The problem here? What he’s just described is pretty much a beginner’s guide to Shintoism, just without the express categorisation and definition that religious belief demands. In brief, Shintoism is an indigenous belief system in Japan so ancient as to predate the existence of historical record. It’s essentially a kind of animism, in which there exists a belief that every single element of the world, from towering mountain to flowering plant, is inhabited with spirits known as kami. (Think Colours of the Wind from Pocahontas as a coherent system, instead of one person’s justification for having a raccoon as a best friend.)
And so we turn to My Neighbour Totoro, in which contextual evidence makes it almost impossible not to interpret its titular fuzzball as a kami spirit. He’s certainly supernatural by nature, crowned “Keeper of the Forest” and granted the ability to make a tree grow simply through the act of vigorous bowing. The home he makes within the camphor tree – the oldest and grandest in the forest – appears to be in keeping with the natural dwelling space of kami spirits; a notion made explicit in the presence of a traditional Shinto gate, which marks the entrance to the tree’s vicinity, and in the shimenawa, the rope of religious consecration, which wraps around its trunk.
My Neighbour Totoro
(© 1988 Nibariki – G)
Granted, there’s nothing in Totoro’s own bizarre combination of raccoon, cat, owl, and Japanese teenager’s backpack that bears similarity to the largely anthropomorphic kami. Then again, we can’t forget that this is a kids’ movie, and it’s far easier to elicit emotional attachment from a child through the powers of cute than with what would essentially be a chick with the fancy dialled up to 11. Nor does that exclude Totoro from possessing an air of the mystical, propelling him far past the boundaries of mere cuddle partner: the power behind his languid, heavy movements and the bellowing roar, which seems to turn the very air into a gust of howling wind, suggest a figure who demands a certain level of god-fearing awe. Totoro acts exactly as one would expect of a kami: demanding both adoration and respect from those who cross his path.

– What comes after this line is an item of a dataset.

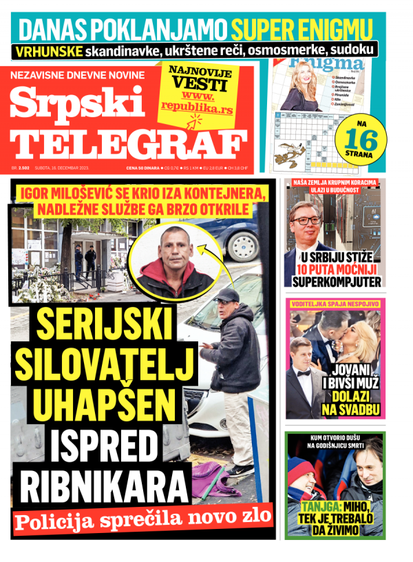 Naslovna strana Srpskog telegrafa za 16.12.2023.
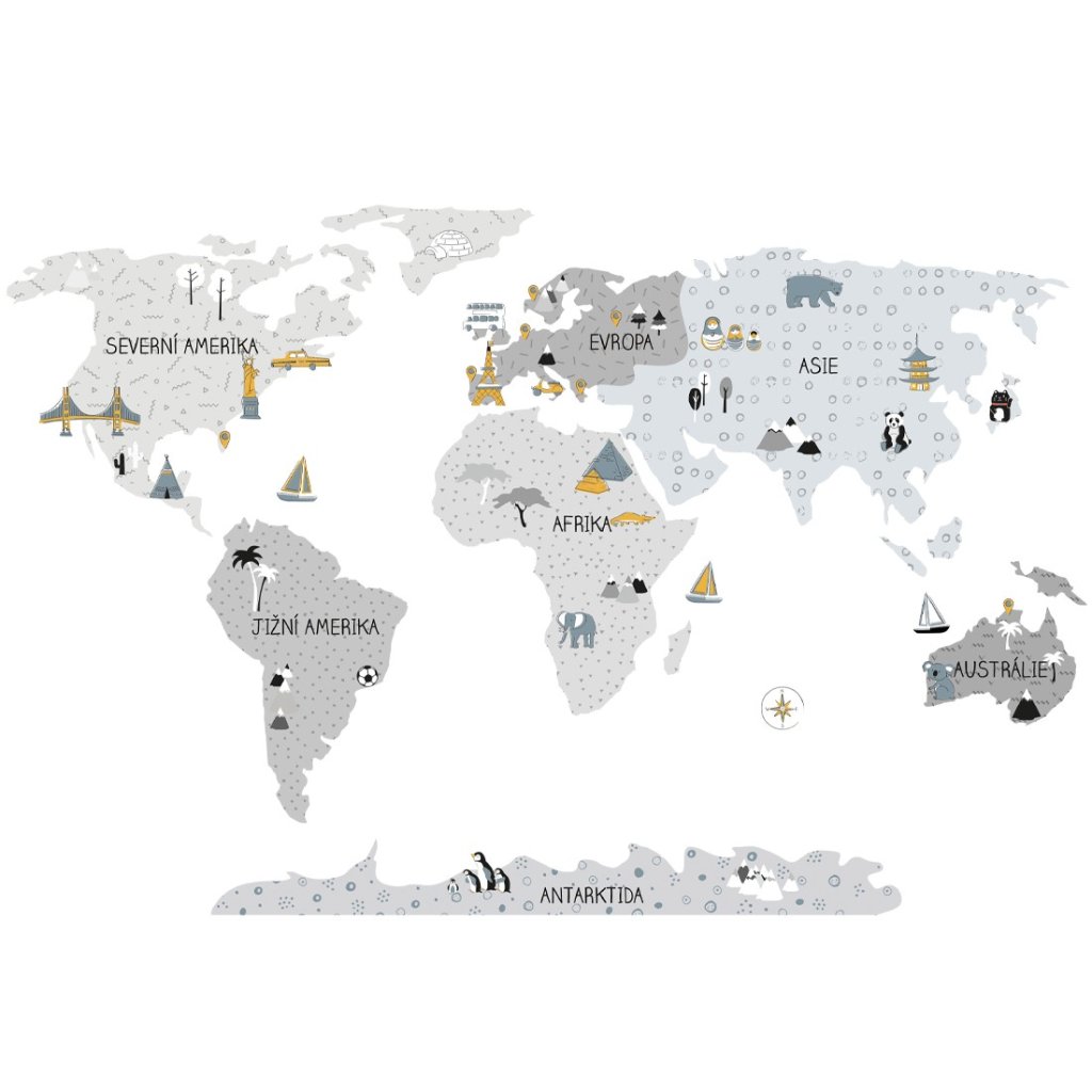 Mapa světa je produkt nejvyšší kvality, vyrobený s maximální péčí a citem pro detaily, v tlumených skandinávských barvách, které dokonale splynou s dětským prostorem. Mapa není jen jedinečnou ozdobou, ale také senzačním způsobem učení hrou. Děti poznávají kontinenty, oceány, stejně jako památky a zajímavosti daného regionu nebo státu. Díky speciálním doplňkovým samolepkám si také mohou označit místa, která již navštívily nebo kam by se chtěly v budoucnu vydat. Každý prvek mapy je pečlivě vystřižen z obrysu a slepen samostatně, což usnadňuje aplikaci, zejména v případě velkých prostor. Velikost nálepky se měří po jejím nanesení na zeď, přičemž kontinenty jsou od sebe v příslušné vzdálenosti. Pečlivě jsou také vystřiženy vzdělávací prvky, díky nimž děti nemusí používat nůžky a nálepku mohou velmi snadno umístit na dané místo na mapě. Samolepka je zajištěna speciálním matným laminátem, který ji chrání před poškrábáním při každodenním používání a také usnadňuje lepení - fólie je silnější a snáze se přenáší na zeď. Tato sada obsahuje: kontinenty, ostrovy a další (vzdělávací) prvky. Sada je k dispozici ve 3 velikostech: S (90 x 60 cm), M (130 x 85 cm), L (180 x 120 cm).

Shinto practice in action has become defined by a series of loose-set rituals, constantly evolving throughout Japan’s history, yet bound by the same notions of honour and communication with the kami. Here, the story’s central family demonstrate their respect for Totoro by gathering around his sacred tree and thanking him for looking after their youngest member, Mei. In this sense, the tree itself acts as a clearly delineated sacred space for communication.
The nature of this communication also seems resolutely tied to the essence of so much of Miyazaki’s work. As Shintoism is devoid of official scripture, individual interaction with the kami is thought to be enacted not through intellect, the utterance of words, nor patterns of thought, but entirely through feeling. It’s in the quiet, yet awe-inspiring moments in which we reflect upon the beauty of nature; those moments of absolute stillness and unification with our surroundings that we all encounter at certain points in our lives. In My Neighbour Totoro, Miyazaki enacts those moments in his own animation technique: lingering on the sight of a bubbling river or a snail climbing lazily up the stalk of a plant. Or in the moment in which Mei tumbles into Totoro’s tree-bound lair, a cathedral of sturdy bark and carpeted moss. It’s in her awe of this space that she opens herself for communication with Totoro.

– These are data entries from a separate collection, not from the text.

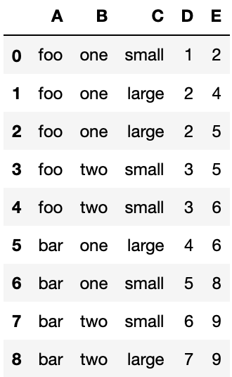 df = pd.DataFrame({"A": ["foo", "foo", "foo", "foo", "foo", "bar", "bar", "bar", "bar"],
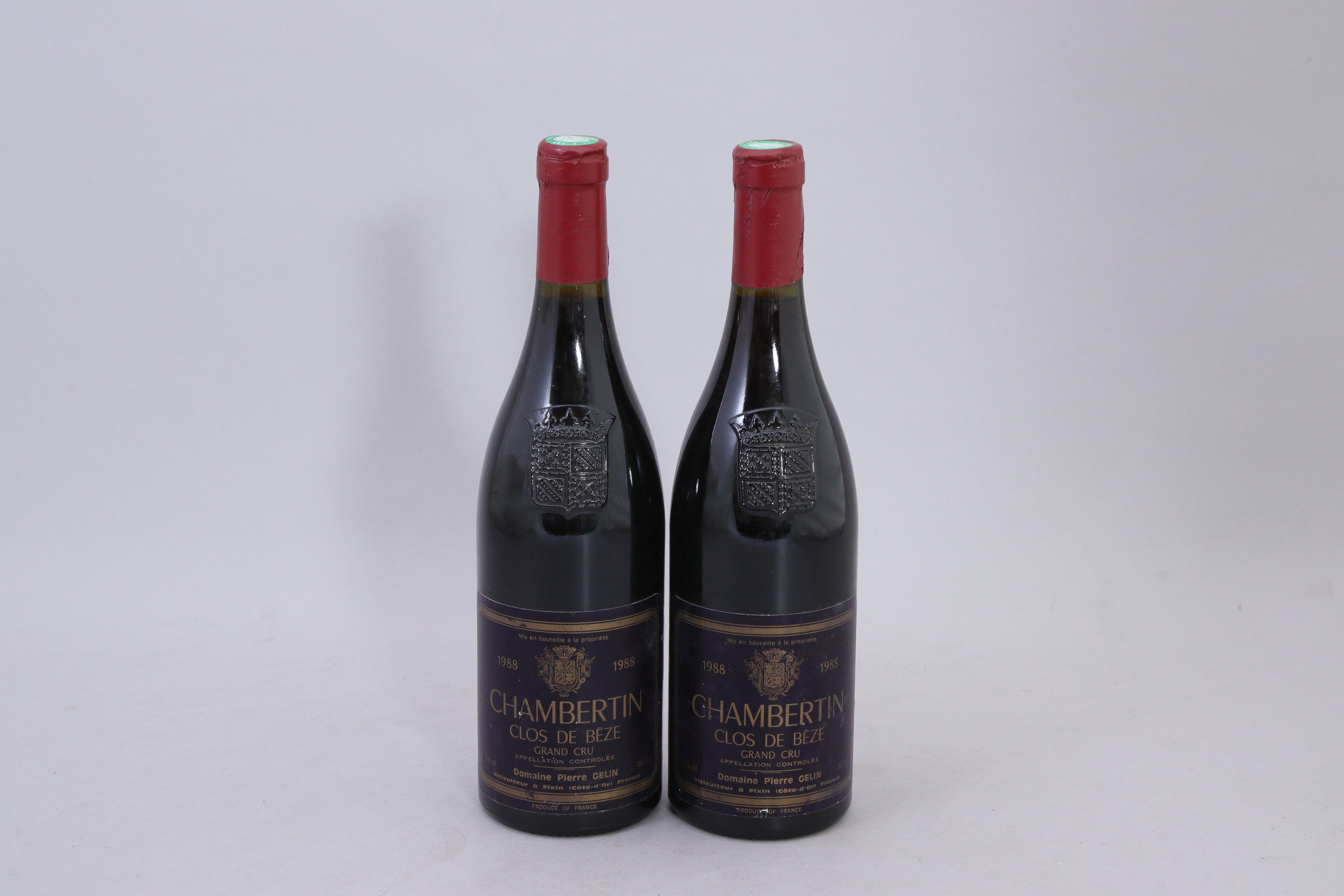 CHAMBERTIN, Clos du Bèze, Grand Cru, Pierre Gelin, 1988, deux bouteilles à 1 et 1,5 cm, une étiquette déchirée.
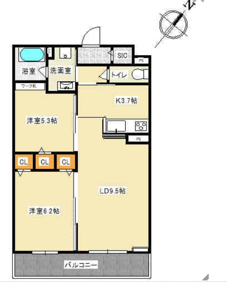 2LDK 54.65m2 |
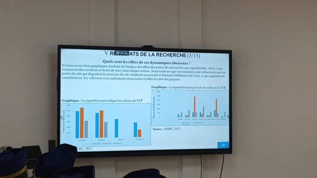 Au titre des résultats obtenus, l’impétrant a, entre autres, fait observer que l’évolution des pertes de sols par l’érosion hydrique est l’une des causes principales de cette dégradation du potentiel des terres.
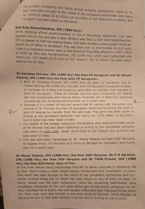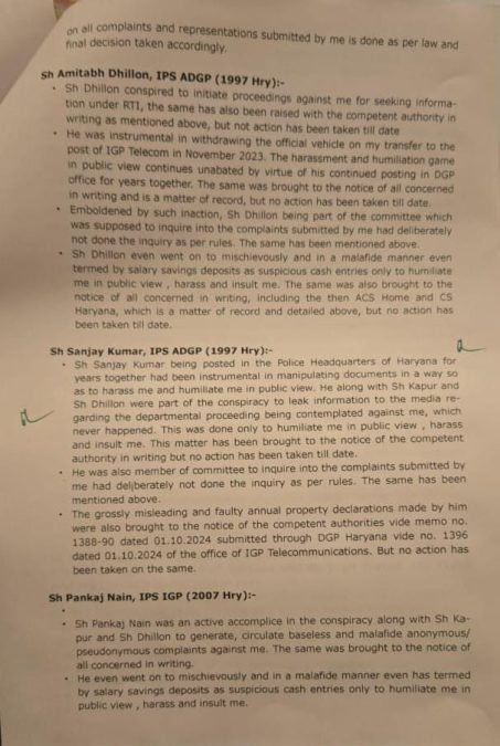 The 8-page suicide note has names of senior officers –  Anurag Rastogi, Chief , Shatrujeet Kapur, DGP, TVSN Prasad, former CS, Rajeev Arora, former ACS, Manoj Yadava, former DGP, PK Agrawal, former DGP, Sandeep Khirwar, ADGP, Amitabh Dhillon, ADGP, Sanjay Kumar, ADGP, Kala Ramchandran, Principal Secretary, Mata Ravi Kiran, ADGP,  Pankaj Nain IG, Kulwinder Singh, IG, Narendra Bijarnia, SP.
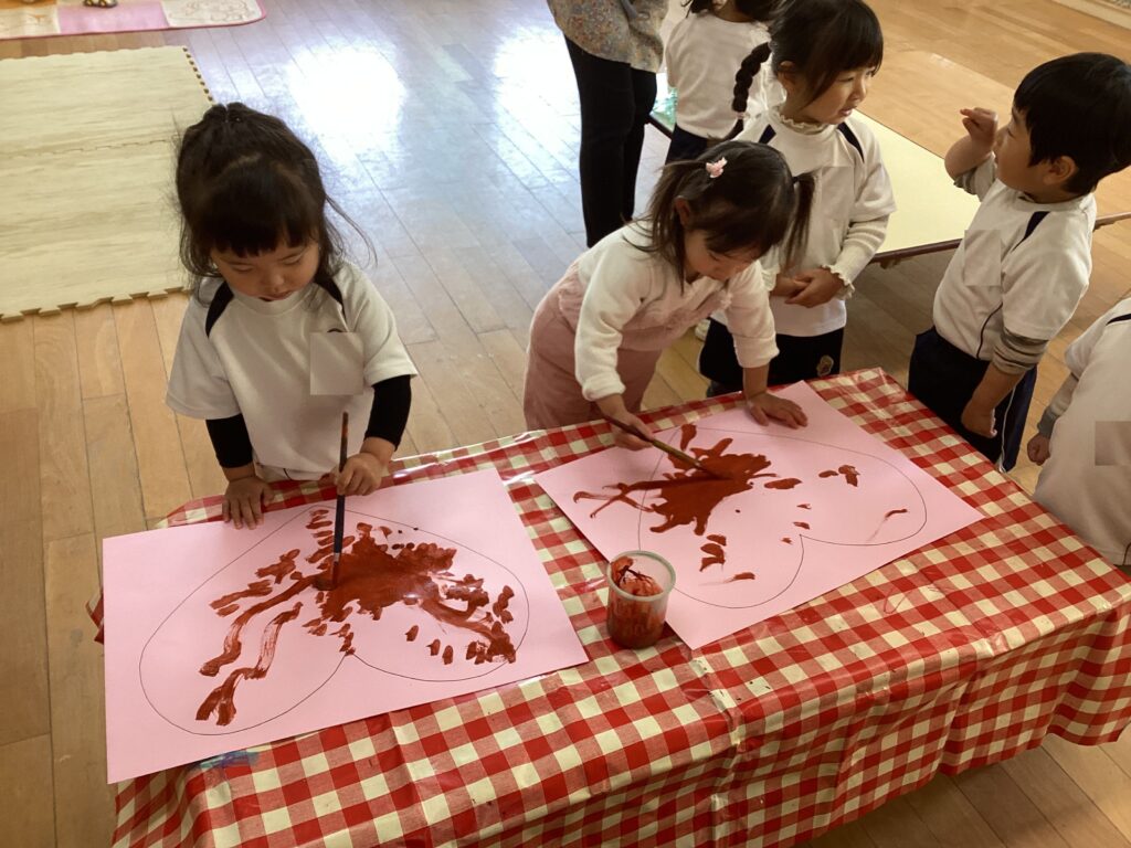 最初に、大きなハートを絵の具で塗りました!

As the children’s father teaches them: “Back then, man and trees were friends.” Friendship is no incidental evocation here, as Shinto belief places a heavy emphasis on the interconnected, mutually beneficial nature of humanity’s relationship with nature, through the notion of musubi, or “binding together”. Shintoism has always had a peculiar place in Japan’s history, littered with attempts both to enforce it as the state religion and to suppress its belief entirely; the form in which it survives today is one associated with the more primitive, rural practices, in opposition to the “high” religions of Buddhism and Taoism.
My Neighbour Totoro
(© 1988 Nibariki – G)
While it may boil down to the essential practice of man caring for the land he cultivates in return for a bountiful harvest, as reflected in My Neighbour Totoro’s harvest sequence, the worship of kami deepens this relationship to express a more profound reciprocation. It’s a notion expressed in very literal terms through Totoro himself: when the family pays respect, the father utters “Thank you for taking care of Mei…from this moment on please continue to do so”; when Mei goes missing it is Totoro who inevitably becomes their last hope in what could be interpreted as evidence that man cannot function without the aid of nature.
To understand the invocation of Shinto beliefs here, as subconscious as they may be within Miyazaki’s own perception of his work, it’s important to look at the film in its own historical context. My Neighbour Totoro’s cinematic release in 1988 marked a decade in which the country experienced an economic boom that threatened the island with the smog of industrial and technological urbanisation. The result was a growing sense of nostalgia among its inhabitants, a yearning for the simple life enjoyed by rural farming communities, which were seemingly being lost. For Miyazaki, Totoro was a very personal evocation of that same nostalgia, being set in his own hometown of Tokorozawa City in the 1950s, a once lushly forested farming community now consumed by the suburbs of Tokyo.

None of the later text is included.